> Directions for this task: Include the line containing "Det är framförallt" and all lines before it, repeated exactly from the listing below, without pictures.

> Data excerpts:

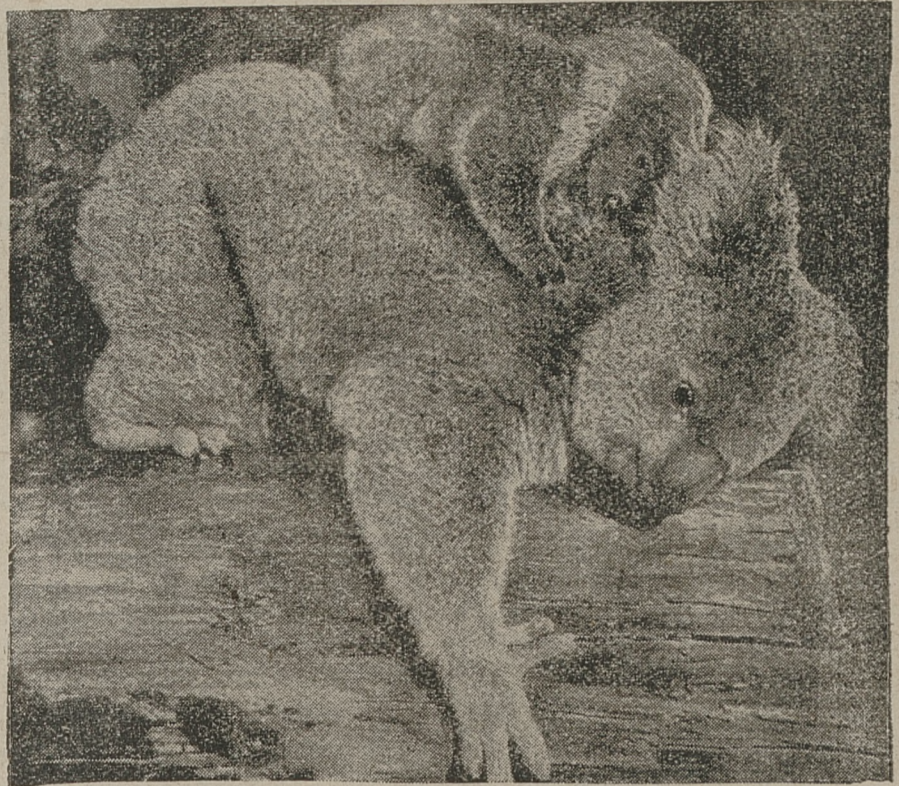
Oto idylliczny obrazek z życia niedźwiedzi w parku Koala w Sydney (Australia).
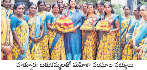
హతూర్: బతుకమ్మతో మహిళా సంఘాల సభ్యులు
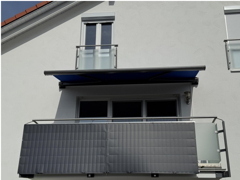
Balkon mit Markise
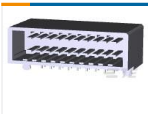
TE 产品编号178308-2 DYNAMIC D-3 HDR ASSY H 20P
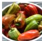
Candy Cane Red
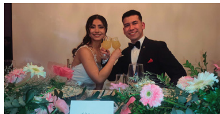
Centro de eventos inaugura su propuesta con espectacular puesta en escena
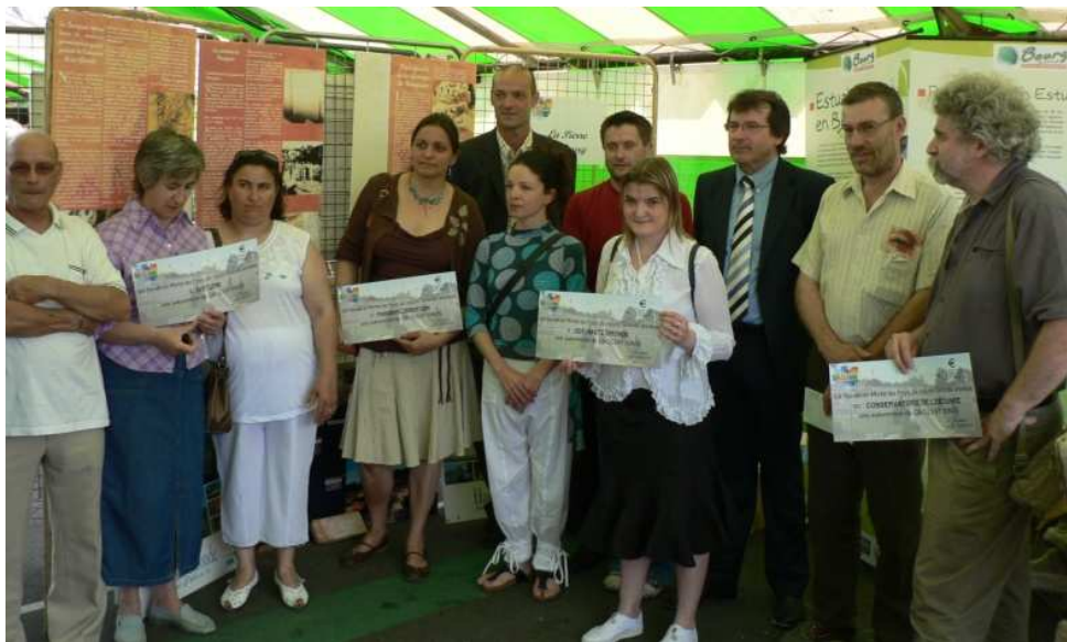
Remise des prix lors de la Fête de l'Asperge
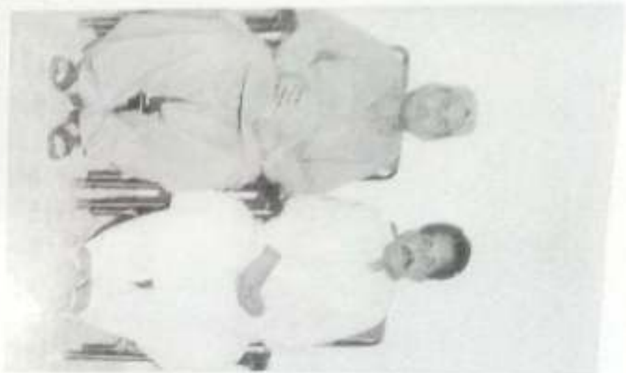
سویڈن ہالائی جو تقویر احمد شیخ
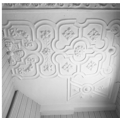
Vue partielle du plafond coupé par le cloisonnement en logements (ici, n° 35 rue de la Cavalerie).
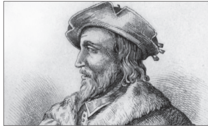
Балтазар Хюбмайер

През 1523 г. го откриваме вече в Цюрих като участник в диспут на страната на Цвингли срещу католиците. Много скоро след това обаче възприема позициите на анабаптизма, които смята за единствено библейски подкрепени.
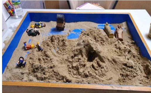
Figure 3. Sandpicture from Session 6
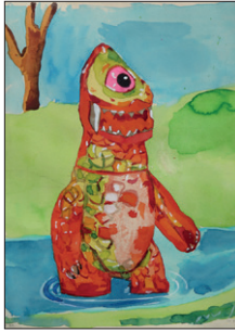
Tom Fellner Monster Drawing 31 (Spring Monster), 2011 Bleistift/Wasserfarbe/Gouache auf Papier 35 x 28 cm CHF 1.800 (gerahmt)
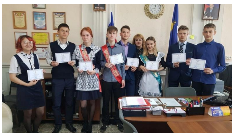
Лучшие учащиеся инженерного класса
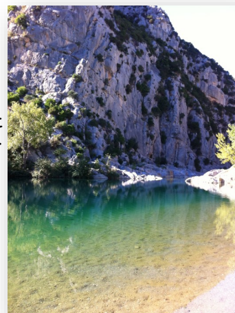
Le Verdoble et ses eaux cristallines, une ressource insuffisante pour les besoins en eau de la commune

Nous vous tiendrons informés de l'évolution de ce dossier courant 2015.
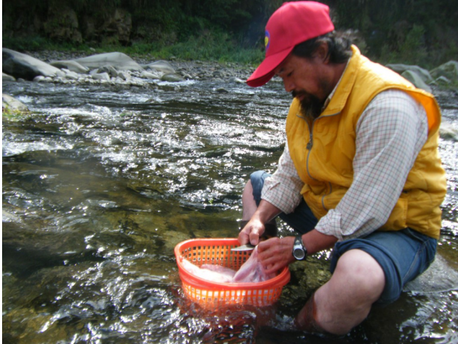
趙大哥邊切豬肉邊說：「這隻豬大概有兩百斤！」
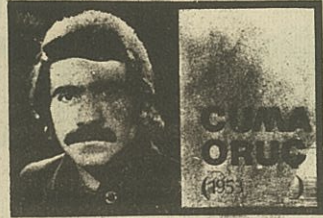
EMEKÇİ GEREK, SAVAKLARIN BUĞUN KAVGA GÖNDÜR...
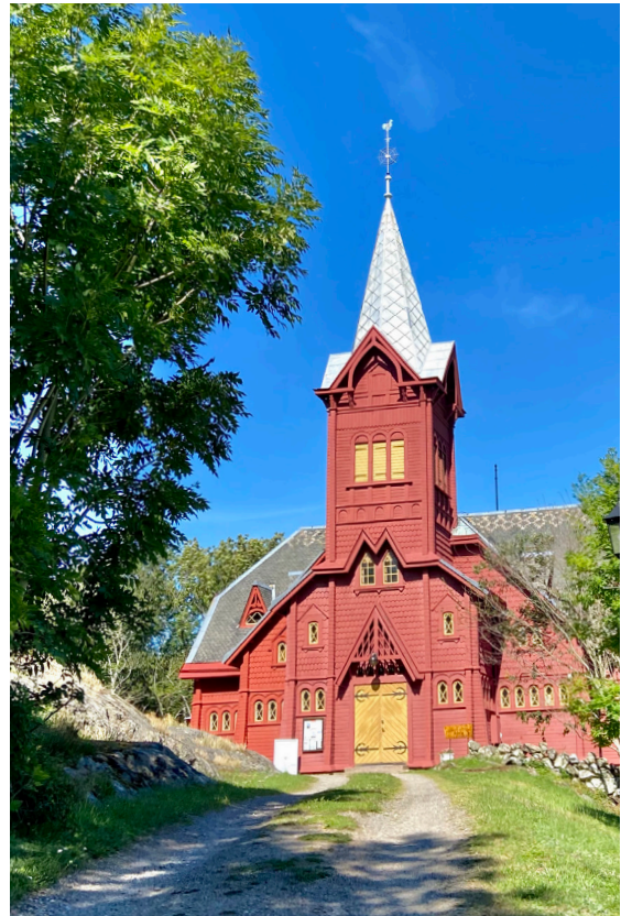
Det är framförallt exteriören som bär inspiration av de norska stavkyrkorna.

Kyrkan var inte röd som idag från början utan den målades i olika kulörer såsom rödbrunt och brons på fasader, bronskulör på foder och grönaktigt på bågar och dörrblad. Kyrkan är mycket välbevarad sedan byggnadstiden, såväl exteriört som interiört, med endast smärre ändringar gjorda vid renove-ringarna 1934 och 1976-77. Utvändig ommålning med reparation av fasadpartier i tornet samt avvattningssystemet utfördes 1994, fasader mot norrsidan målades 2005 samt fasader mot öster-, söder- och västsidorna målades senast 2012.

> Completed task:
Oto idylliczny obrazek z życia niedźwiedzi w parku Koala w Sydney (Australia).
హతూర్: బతుకమ్మతో మహిళా సంఘాల సభ్యులు
Balkon mit Markise
TE 产品编号178308-2 DYNAMIC D-3 HDR ASSY H 20P
Candy Cane Red
Centro de eventos inaugura su propuesta con espectacular puesta en escena
Remise des prix lors de la Fête de l'Asperge
سویڈن ہالائی جو تقویر احمد شیخ
Vue partielle du plafond coupé par le cloisonnement en logements (ici, n° 35 rue de la Cavalerie).
Балтазар Хюбмайер

През 1523 г. го откриваме вече в Цюрих като участник в диспут на страната на Цвингли срещу католиците. Много скоро след това обаче възприема позициите на анабаптизма, които смята за единствено библейски подкрепени.
Figure 3. Sandpicture from Session 6
Tom Fellner Monster Drawing 31 (Spring Monster), 2011 Bleistift/Wasserfarbe/Gouache auf Papier 35 x 28 cm CHF 1.800 (gerahmt)
Лучшие учащиеся инженерного класса
Le Verdoble et ses eaux cristallines, une ressource insuffisante pour les besoins en eau de la commune

Nous vous tiendrons informés de l'évolution de ce dossier courant 2015.
趙大哥邊切豬肉邊說：「這隻豬大概有兩百斤！」
EMEKÇİ GEREK, SAVAKLARIN BUĞUN KAVGA GÖNDÜR...
Det är framförallt exteriören som bär inspiration av de norska stavkyrkorna.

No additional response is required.